Building Effective Interdepartmental Relationships: First HR Actions
Form Cross-Hospital Integration Committees
- Multi-disciplinary teams – comprising HR, clinical, and department managers – should be charged with planning and monitoring all aspects of employee integration. This collaborative approach ensures that diverse perspectives are represented, leading to more comprehensive solutions that address operational and human factors critical to a successful merger.
- These committees act as continuous feedback and problem-solving forums, documenting and responding to staff concerns about job role changes, career progression, and workplace conditions (Cerezo-Espinosa de los Monteros et al., 2021; Ilea et al., 2024).
Launch Regular Job Satisfaction Assessments and Transparent Communication
- Deploy a validated, standardized survey at baseline and every 3–6 months to track staff contentment and needs (Ilea et al., 2024). Use this data for real-time interventions.
- Facilitate regular informational meetings and digital updates, ensuring employees have clarity on process milestones, role expectations, and their voice in organizational evolution.
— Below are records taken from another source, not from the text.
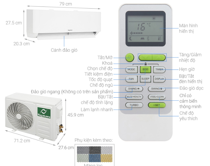 - Chế độ cài đặt yêu thích I-set: Máy lạnh Nagakawa Inverter này có khả năng ghi nhớ cài đặt yêu thích của người sử dụng, từ đó giảm bớt thao tác và thời gian cài đặt máy lạnh mỗi khi dùng.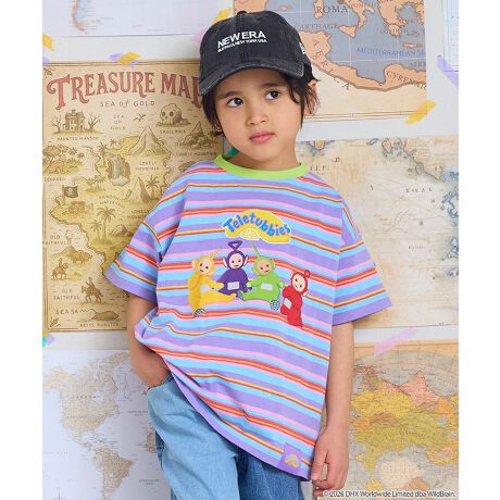 カラフルなボーダー柄に、フロントのテレタビーズプリントが映えるキャッチーなデザインです。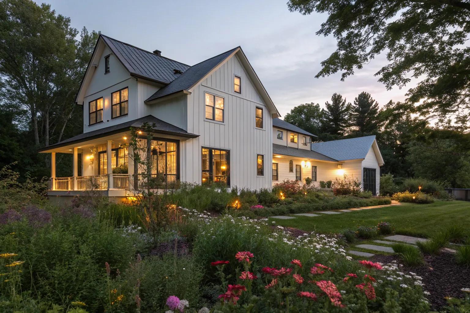 For a bold architectural statement, consider vertical Hardie board siding. It’s a striking choice that adds height and elegance to any farmhouse design.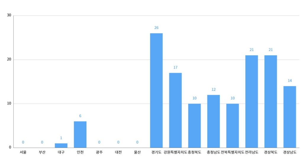 수도권에서는 경기도 31개 기초지자체 중 수원·여주·오산·용인·화성을 제외한 26곳이, 인천은 10곳 중 6곳이 기준에 미달했다. 강원특별자치도는 태백시를 제외한 17곳, 충북은 청주시를 제외한 10곳, 충남은 부여군·아산시·천안시를 제외한 12곳이 의무고용률을 지키지 못했다. 전북특별자치도는 무주·익산·임실·전주를 제외한 10곳, 전남은 무안군을 제외한 21곳, 경북은 성주군을 제외한 21곳, 경남은 고성·사천·창녕·함양을 제외한 14곳이 의무고용률을 달성하지 못했다.

Both measures promote collaboration, surface problems early, and allow for targeted interventions—key factors in preserving job satisfaction and optimizing performance during mergers.
Conclusion
The success of Anchor-Saint Mary’s merger relies on participatory HRM underpinned by transparent communication, adaptive planning, and continuous measurement of staff well-being. HR can facilitate a successful structural integration and sustained performance and morale by engaging employees, addressing cultural and logistical merger challenges, and tracking job satisfaction with validated tools. This evidence-based approach, centered on people and rigorous evaluation, will ensure that patient care and employee well-being remain paramount throughout the merger process.
References
Cerezo-Espinosa de Los Monteros, J., Castro-Torres, A., Gómez-Salgado, J., Fagundo-Rivera, J., Gómez-Salgado, C., & Coronado-Vázquez, V. (2021). Administration of strategic agreements in public hospitals: Considerations to enhance the quality and sustainability of mergers and acquisitions. International Journal of Environmental Research and Public Health, 18(8), 4051.
Ilea, C. D. N., Daina, L. G., Manole, F., Daina, M. D., Tirt, D. P., & Popa, A. (2024). The influence of the merger process between two tertiary hospitals in Romania on job satisfaction among staff. Frontiers in Psychology.
Rotea, C. C., Ploscaru, A. N., Bocean, C. G., Vărzaru, A. A., Mangra, M. G., & Mangra, G. I. (2023). The link between HRM practices and performance in healthcare: The mediating role of the organizational change process. Healthcare, 11(9), 1236.
van der Schors, W., Roos, A.-F., Kemp, R., & Varkevisser, M. (2023). Reasons for merging and collaborating in healthcare: Marriage or living apart together? The International Journal of Health Planning and Management, 38(6), 1721–1742.